Эх, — сказала она себе, — если бы да кабы..." Тут народная мудрость была права на все сто, но мысль уже прочно укоренилась в ее сознании, дала побеги и разрослась, как бузина. "Ну, а что такое, — спрашивала она себя, — в чем дело? Как там было в этой песенке: ну что ты потеряешь, если все узнаешь? Замазано, как говорит Щукин Алексей Петрович. Я не уверена, — подумала она, — но, по-моему, точно так же выражаются уголовники, скрепляя договор. Особый язык. Профессиональный сленг. Феня, блин. Мадам, вы по фене ботаете?

А компьютер? А что — компьютер? Здесь тебе, мамочка моя, Москва, а не Мухосрань какая-нибудь. Найдется человечек, если поискать. Дело, конечно, сугубо уголовное, но если к человеку правильно подойти... глазки там состроить... Да какие, к черту, глазки! Кому нужны чьи-то там глазки в наше-то время? Разве что в банк органов... Деньги — вот ключ к сердцу современной молодежи. И чем больше денег, тем универсальнее ключ..."

Катя затормозила напротив «Омикрона», пристроившись в хвост Гошиному желтому «жуку» и некстати вспомнив, что двигатель у этой модели расположен сзади, как у «Запорожца»... «Денег ему, что ли, одолжить?

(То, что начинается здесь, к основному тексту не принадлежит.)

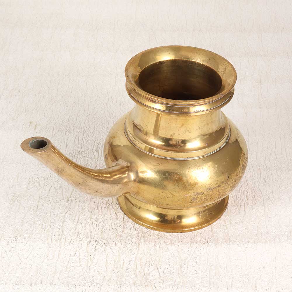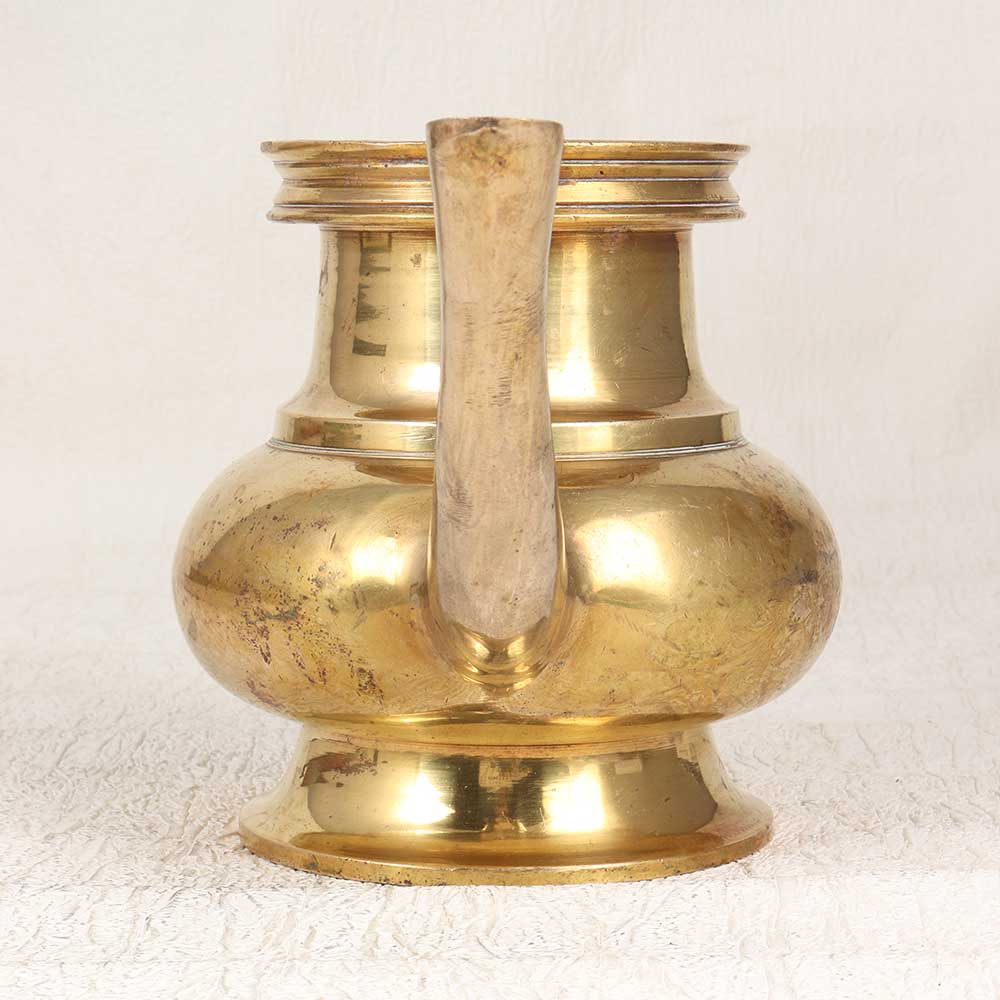Bring sacred beauty to your home with this stunning brass water pot. Crafted by skilled artisans, this shiny vessel features a graceful curved spout for easy pouring. This special pot elevates a simple act like fetching water into a divine ritual. The brass material and unique shape reflect centuries of Indian tradition. Use it to store pure water for rituals, offerings, or drinking. The smooth spout makes it easy to pour without spilling a single precious drop. Keep it in your puja room, kitchen, or bathroom to uplift your space with its holy aura. Bring the sacred into your everyday life with this gorgeous brass water pot. Its simple yet striking form honors Indian culture while adding antique elegance to your home.

Смеются ведь над ним его священные коровы, а ему хоть бы что... Вот кто мне поможет, — решила вдруг она. — Если уж Гоша не знает какого-нибудь толкового компьютерщика, то, значит, их и вовсе нет в природе. У него кругом знакомые, и все до единого — непризнанные гении. Каковы сами, таковы и сани... или наоборот? Впрочем, на суть это в данном случае не влияет».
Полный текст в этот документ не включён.